The Medical Model of Disability
The medical model is the most traditional and widespread framework used to understand disability.
It perceives disability primarily as an individual’s physical or mental impairment that requires
medical intervention. According to this view, the issue lies with the individual and their physical
limitations, which need to be corrected or cured through medical expertise. This perspective aligns
with the broader biomedical model, which considers disease and impairment as resulting from
identifiable causes that can be addressed through therapeutic or medical interventions.

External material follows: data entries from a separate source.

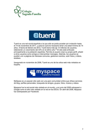 Las redes sociales son estructuras sociales compuestas de grupos de personas conectadas por relaciones como amistad o intereses comunes. Algunas redes sociales populares en Internet son Twitter, que permite enviar mensajes cortos de hasta 140 caracteres; Facebook, originalmente creado para estudiantes universitarios pero ahora abierto a todos; y Tuenti, una red social española para personas de 14 años o más que permite crear perfiles y conectarse con amigos.
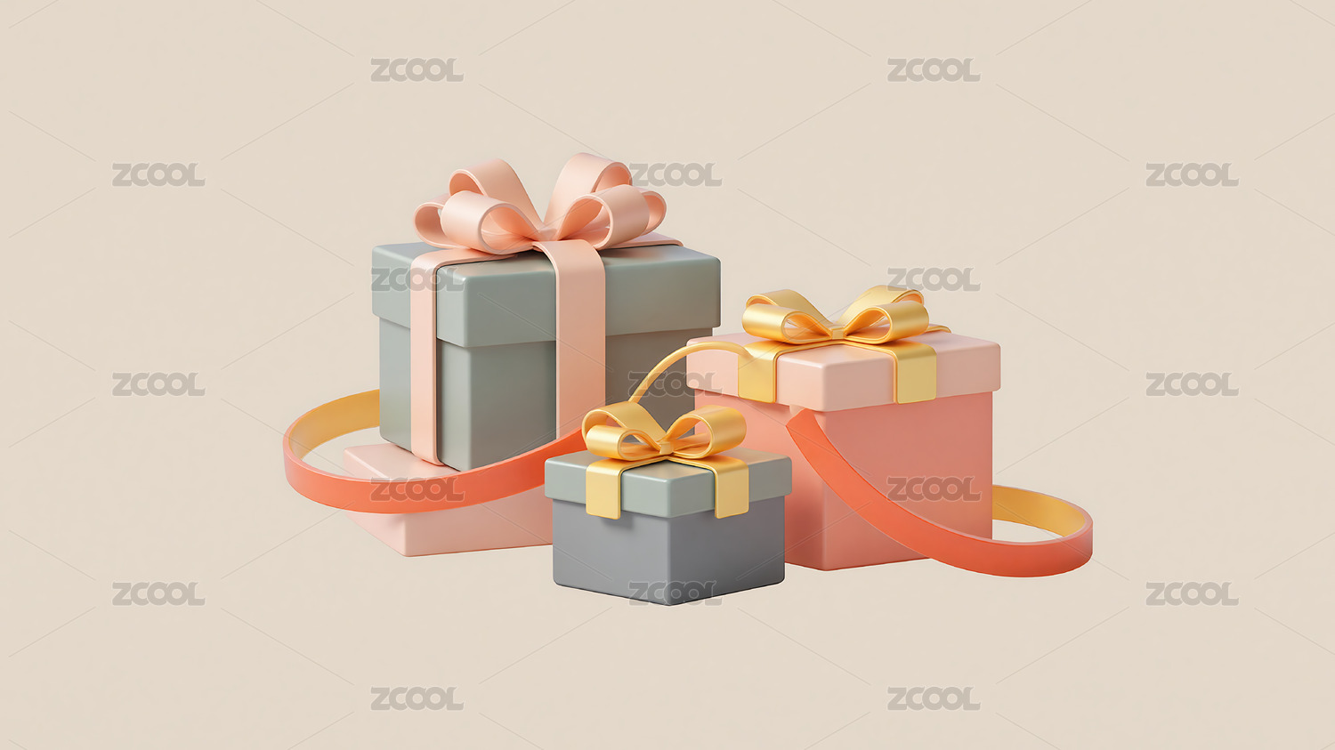春节新年圣诞节礼盒3D元素电商购物节插画
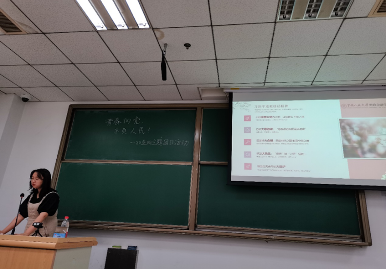 团支部书记陈彦钰带领支部团员从五个方面出发,回顾了习近平总书记在中国人民大学的重要讲话精神,分别是:办学扎根中国大地,“青春向党,不负人民”;办好大思政课,本质是讲道理;回答好大命题,加快构建中国特色哲学社会科学;探访大先生,做好“经师”和“人师”;锻造优秀青年大熔炉,青年勇作开路先锋。中国大地、大思政课、大命题、大先生、大熔炉,五个“大”满含着习近平总书记对大学办学之道的深刻理解。

In the context of the deaf community, the medical model views deafness as a pathological condition
that should be "fixed" or alleviated through hearing aids, cochlear implants, and speech therapy. This
view is grounded in the assumption that being unable to hear is inherently a deficit, something that
limits individuals from leading a "normal" life. Therefore, the role of the medical professional
becomes one of managing or mitigating this deficit, as illustrated by the use of audiograms to
measure hearing loss and determine the need for corrective measures.
While medical interventions can indeed improve the quality of life for many people with hearing
impairments, this approach is criticized for its reductionist view. Critics argue that the medical model
fails to account for the social and cultural dimensions of deafness, particularly how members of the
deaf community perceive their identity. By emphasizing medical "solutions," the model implicitly
devalues the lived experiences and social identities that come with being deaf. Moreover, it often
sidelines the voices of the deaf community, treating them as passive recipients of medical care rather
than as agents with the capacity to define their own lives.